私たちの側にも、 主要な戦士たちがいます。

私の軍の将軍たちを知ってください。

あなたに知らせるために、 私は彼らの名を述べます。

注釈訳

この本文における tu という語は、 「また」という意味で用いられている。

これを asmākam、 すなわち「私たちの側に」の後にかけることで、 ドゥルヨーダナは、 パーンダヴァ軍だけでなく、 自分の軍にもまた、 偉大な英雄や戦士たちが多くいるのだと言おうとしている。

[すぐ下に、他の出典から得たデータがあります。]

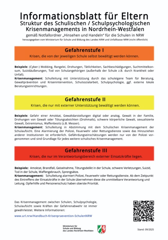 Anbei finden Sie einen Elternbrief mit einer Übersicht über das schulische Krisenmanagement in Nordrhein-Westfalen.
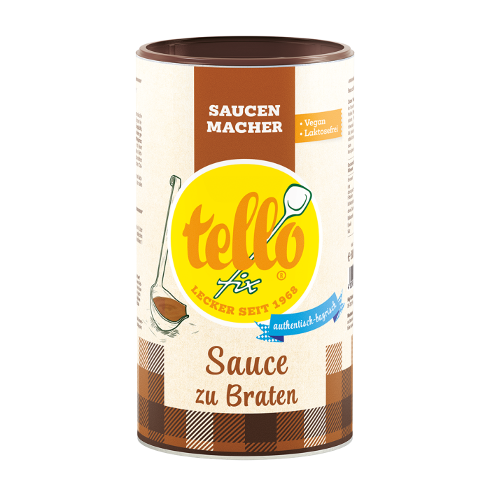 Die tellofix Sauce zu Braten überzeugt aber nicht nur durch ihren Geschmack, sondern auch durch ihre besonders einfache Zubereitung. Einfach einen Esslöffel Pulver in warmes Wasser einrühren, aufkochen und unter gelegentlichem Rühren köcheln lassen. Fertig ist die perfekte Soße! Als geheimes Helferlein kann sie aber auch zum Abschmecken, Verfeinern oder Binden vorhandener Saucen eingesetzt werden.
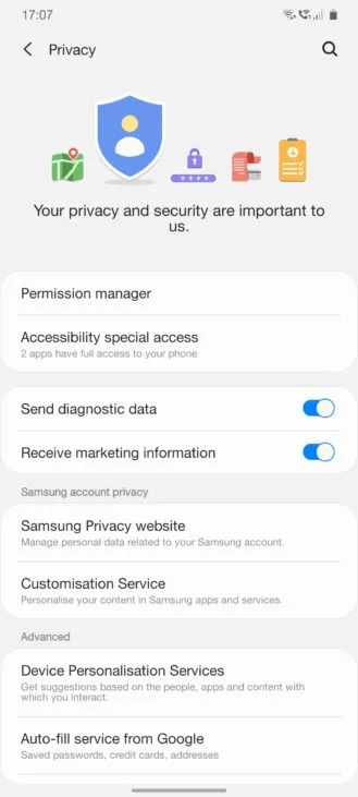 تنظیمات حریم خصوصی همانطور که از اسمش پیداست مربوط به فعالیت‌هایی است که به امنیت حریم خصوصی شما مرتبط است. اگرچه گزینه‌های بیشتری به نسبت قبل به آن افزوده نشده اما در عوض تمام تنظیمات حریم خصوصی را که در زیر-منوهای مختلف در اندروید 9 پنهان بودند در یک گروه جمع کرده است. از اجازه دسترسی گرفته تا سرویس auto-fill (تکمیل خودکار) در این بخش وجود دارد و کاربر می‌تواند تنها از طریق یک بخش به کلی از تنظیمات حریم شخصی خود دسترسی داشته باشد. بدیهی است در اختیار داشتن تمام تنظیمات در یک جا بسیار بهتر از این است که در جاهای مختلف به دنبال آن‌ها باشیم.

viśiṣṭāḥ という語は、 彼の軍の中で、 英雄性、 堅固さ、 力、 知性、 勇気、 武勇、 精力、 武器の知識において、 特にすぐれた者たちを指すために用いられている。

nibodha という動詞は、 彼自身の軍にも、 すぐれた資質を持つ英雄や戦士が不足していないことを示している。

そして彼は、 ドローナ先生が個人的に知っておくために、 その中から選ばれた少数の者たちの名だけを挙げようとしている。

このあとドゥルヨーダナは、 二つの節において、 自分の側の主要な戦士たちの名を挙げ、 彼らと自軍の他の英雄たちを称賛していく。